→ Task prompt:
All of the data below should be set down again verbatim, without any images.

(Dataset items)
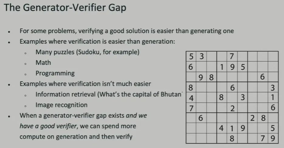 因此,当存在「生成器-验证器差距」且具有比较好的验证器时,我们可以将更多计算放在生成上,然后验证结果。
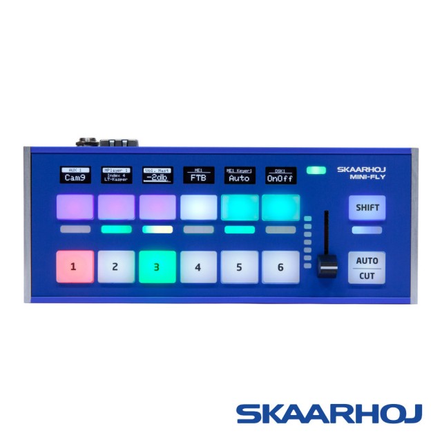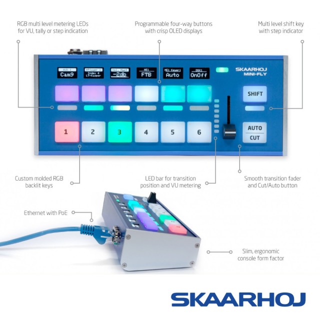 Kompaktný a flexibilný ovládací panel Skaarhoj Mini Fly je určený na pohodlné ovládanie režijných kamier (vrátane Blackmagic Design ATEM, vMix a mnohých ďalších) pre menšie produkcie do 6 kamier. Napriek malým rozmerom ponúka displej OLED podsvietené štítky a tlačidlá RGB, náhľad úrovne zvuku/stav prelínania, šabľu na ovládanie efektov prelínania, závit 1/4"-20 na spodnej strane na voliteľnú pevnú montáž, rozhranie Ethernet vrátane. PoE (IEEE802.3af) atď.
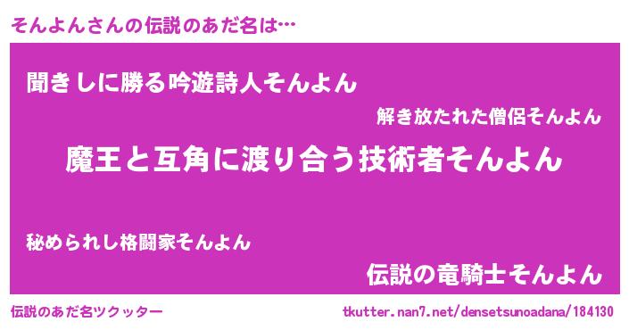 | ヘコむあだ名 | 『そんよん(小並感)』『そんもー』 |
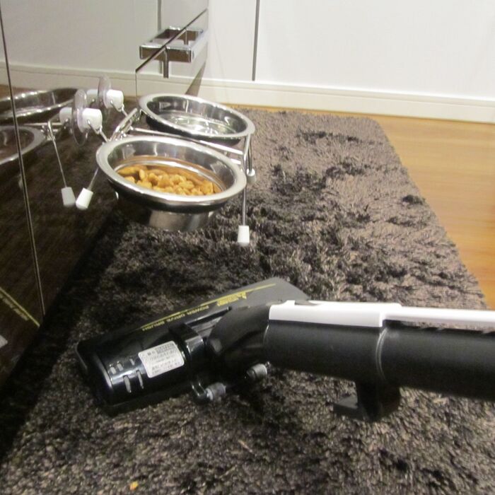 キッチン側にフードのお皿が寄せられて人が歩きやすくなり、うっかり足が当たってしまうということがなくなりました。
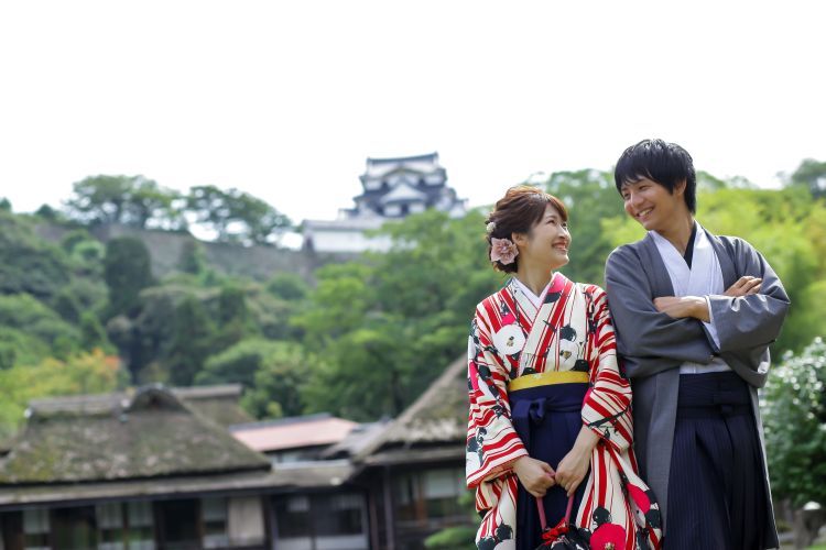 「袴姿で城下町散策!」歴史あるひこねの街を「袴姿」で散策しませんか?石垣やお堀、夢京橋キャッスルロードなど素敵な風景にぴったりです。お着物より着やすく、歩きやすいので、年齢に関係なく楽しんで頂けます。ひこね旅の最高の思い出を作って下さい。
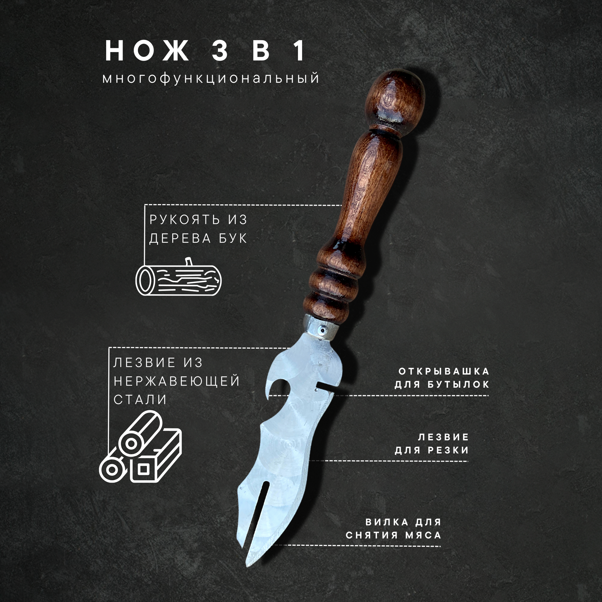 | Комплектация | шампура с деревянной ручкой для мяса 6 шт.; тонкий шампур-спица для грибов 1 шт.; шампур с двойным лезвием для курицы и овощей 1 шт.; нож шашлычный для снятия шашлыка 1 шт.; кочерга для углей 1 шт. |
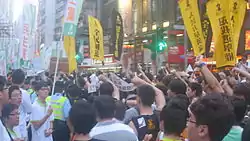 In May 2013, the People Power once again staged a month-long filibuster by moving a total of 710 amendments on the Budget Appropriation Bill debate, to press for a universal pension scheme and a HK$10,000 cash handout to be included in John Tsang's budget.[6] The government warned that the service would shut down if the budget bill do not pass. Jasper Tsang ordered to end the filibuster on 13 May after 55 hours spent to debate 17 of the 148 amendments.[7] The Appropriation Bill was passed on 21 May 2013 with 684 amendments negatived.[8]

→ Task response:
 因此,当存在「生成器-验证器差距」且具有比较好的验证器时,我们可以将更多计算放在生成上,然后验证结果。
 Kompaktný a flexibilný ovládací panel Skaarhoj Mini Fly je určený na pohodlné ovládanie režijných kamier (vrátane Blackmagic Design ATEM, vMix a mnohých ďalších) pre menšie produkcie do 6 kamier. Napriek malým rozmerom ponúka displej OLED podsvietené štítky a tlačidlá RGB, náhľad úrovne zvuku/stav prelínania, šabľu na ovládanie efektov prelínania, závit 1/4"-20 na spodnej strane na voliteľnú pevnú montáž, rozhranie Ethernet vrátane. PoE (IEEE802.3af) atď.
 | ヘコむあだ名 | 『そんよん(小並感)』『そんもー』 |
 キッチン側にフードのお皿が寄せられて人が歩きやすくなり、うっかり足が当たってしまうということがなくなりました。
 「袴姿で城下町散策!」歴史あるひこねの街を「袴姿」で散策しませんか?石垣やお堀、夢京橋キャッスルロードなど素敵な風景にぴったりです。お着物より着やすく、歩きやすいので、年齢に関係なく楽しんで頂けます。ひこね旅の最高の思い出を作って下さい。
 | Комплектация | шампура с деревянной ручкой для мяса 6 шт.; тонкий шампур-спица для грибов 1 шт.; шампур с двойным лезвием для курицы и овощей 1 шт.; нож шашлычный для снятия шашлыка 1 шт.; кочерга для углей 1 шт. |
 In May 2013, the People Power once again staged a month-long filibuster by moving a total of 710 amendments on the Budget Appropriation Bill debate, to press for a universal pension scheme and a HK$10,000 cash handout to be included in John Tsang's budget.[6] The government warned that the service would shut down if the budget bill do not pass. Jasper Tsang ordered to end the filibuster on 13 May after 55 hours spent to debate 17 of the 148 amendments.[7] The Appropriation Bill was passed on 21 May 2013 with 684 amendments negatived.[8]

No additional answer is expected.